In summary, the data in Table 2 show that increased urinary KGM is an excellent indicator of primary hyperammonemia resulting from defects of the urea cycle. Increased urinary KGM also appears to be a good indicator for other diseases that give rise to primary hyperammonemia, such as HHH and LPI. However, because the number of cases analyzed was low (2 and 3, respectively) and blood ammonia levels were not always available more work is needed to verify this conclusion. For propionic acidemia and methylmalonic acidemia, the relationship between urinary KGM levels and hyperammonemia is weak.

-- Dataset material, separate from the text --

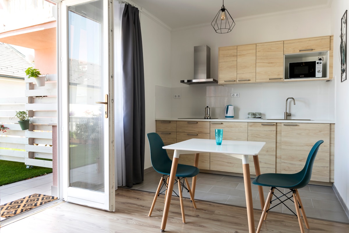 Élvezd a stílusos élményt ezen a központi szálláshelyen. Barátságos, kertre néző lakás lapozgatható könyvekkel. Jól felszerelt étkező-konyha beépített gáztűzhellyel, elektromos és mikrohullámú sütővel, mosogató és mosógéppel. Pároknak ideális elrendezés. Légkondicionált hálószoba. Városi strand és Fő tér 500 m, Festetics-kastély 1 km. Háziállat és dohányzás nem megengedett.

The National Institutes of Health (NIH) definition of a biomarker is “a characteristic that is objectively measured and evaluated as an indicator of normal biologic processes, pathogenic processes, or pharmacologic responses to a therapeutic intervention”. We show here that elevated urinary KGM is an indicator of a pathogenic process (i.e., hyperammonemia). Thus, according to the NIH definition, KGM is a biomarker for hyperammonemia associated with urea cycle disorders and probably for most other diseases resulting in hyperammonemia, provided that the TCA cycle is not severely compromised.

The mechanisms by which increased ammonia leads to increased urinary excretion of KGM are unknown. However, one key factor is likely to be increased glutamine production in at least some of the hyperammonemic diseases including inborn errors of the urea cycle. Glutamine synthetase activity is widespread in mammalian tissues [28]. As a consequence, in patients with inborn errors of the urea cycle, the associated hyperammonemia results in increased systemic glutamine synthesis and hyperglutaminemia (e.g., [29]). Therefore, the increased urinary KGM in the patients with inborn errors of the urea cycle may, in part, be a reflection of a general increase in whole body (including presumably the kidney) glutamine synthesis. In this regard, we have noted that urinary glutamine is also generally increased in patients with inborn errors of the urea cycle (data not shown).

Conclusion

Despite the fact that increased KGM is a biomarker for urea cycle disorders and probably for most other hyperammonemic diseases its clinical usefulness at the present time is somewhat limited. A major problem is that KGM is not available commercially. Moreover, since no urine samples were analyzed from patients with illnesses other than those with hyperammonemic diseases, it is not possible to judge the specificity and discriminatory power of increased urinary KGM at the present time as a biomarker solely of hyperammonemic syndromes. Nevertheless, the present article is aimed in part to alert the clinical community to the new and interesting finding that urinary KGM is a good biomarker for most hyperammonemic diseases provided that the TCA cycle is not severely compromised. An understanding of mechanisms contributing to increased urinary KGM production in hyperammonemic diseases may lead to an increased understanding of deranged nitrogen metabolism in these diseases and possibly suggest new effective therapies.